Use a serum separator tube and allow samples to clot for 30 minutes before centrifugation for 15 minutes at 1000 g. Remove serum and assay immediately or aliquot and store samples at -20° C. Avoid repeated freeze-thaw cycles.

Plasma

Collect plasma using citrate, EDTA, or heparin as an anticoagulant. Centrifuge for 15 minutes at 1000 g within 30 minutes of collection. Assay immediately or aliquot and store samples at -20° C. Avoid repeated freeze-thaw cycles.

Assay procedure

1. Take the desired number of well strips from the plate. Make sure the rest of strips are well sealed.
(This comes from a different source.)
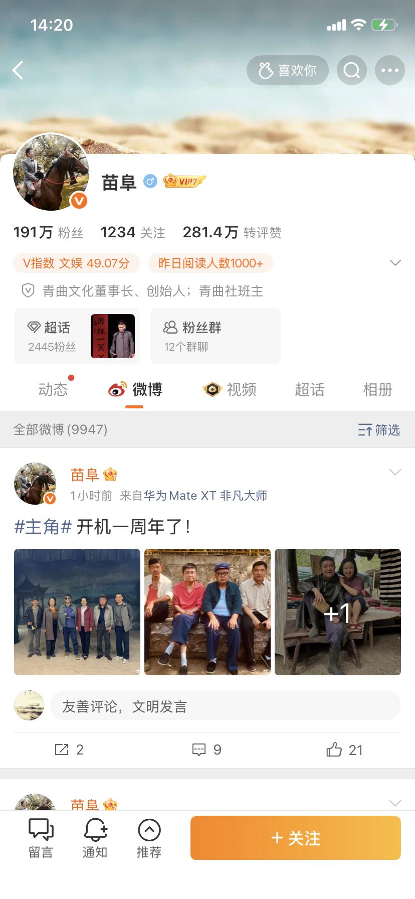 【著名相声演员苗阜晒图庆祝参演影视,相声演员跨界成为常态,你怎么看】 近日,著名相声演员、一级演员、陕派相声代表人物、陕西曲协主席、博士、大学教授、博士生导师、艺术总监、艺术委员会主任、曲艺团团长、青曲社董事长苗阜在微博上晒出自己参加影视作品主角开机一周年的照片,并且还晒出和主创的合照,由此引发的关注!据了解,这是苗阜大师时隔多年再次参加影视作品的机会,也是一次具有大IP的影视作品,通过照片能够看出苗阜在影视中的主角身份,同时也能够看出现在的相声演员跨界已经成为一种常态,背后更多反映的是说相声已然无法满足收入需求和对艺术追求的层级!对此,你怎么看? 其实,自从郭德纲大红大紫以后,郭德纲也是走上了影视的道路,冯巩、曹云金、杨议、岳云鹏、孟鹤堂、郭麒麟等人也是如此!如今,苗阜也是尝试这样的经历,亦步亦趋的跟随着郭德纲走过的道路在前行,一种尝试,一种勇气,也是一种值得肯定的事情!苗阜作为陕派相声的先驱,在地域相声中处于瓶颈阶段,如此从一个全新的角度去打开局面也是可以理解的!

2. Add 100 µl of diluted samples (1:100 diluted with 1X Diluent Buffer) or positive control (1:50 dilution) per well and incubate for 1 hour at room temperature with gentle shaking.

*Note: We recommend having a blank condition. For the blank, add only 1x Diluent buffer to the well.

3. Aspirate each well and wash by adding 200µl of 1X Assay wash buffer. Repeat the process twice for a total of three washes. Completely remove liquid at each wash by firmly tapping the plate against clean paper towels.

4. Add 100µl of diluted anti-mouse IgG antibody conjugated to HRP to each well and incubate for 30 minutes at room temperature with gentle shaking.

5. Repeat the aspiration/wash as in step 3.

6. Add 100µl of Substrate to each well and incubate for 5-15 minutes.

*Note: Positive control will turn blue. Samples should be stopped when blue color begins to appear in blank.

7. Add 50µl of Stop solution to each well. The color in the wells should change from blue to yellow.

8. Determine the optical density of each well with a microplate reader at 450 nm within 30 minutes.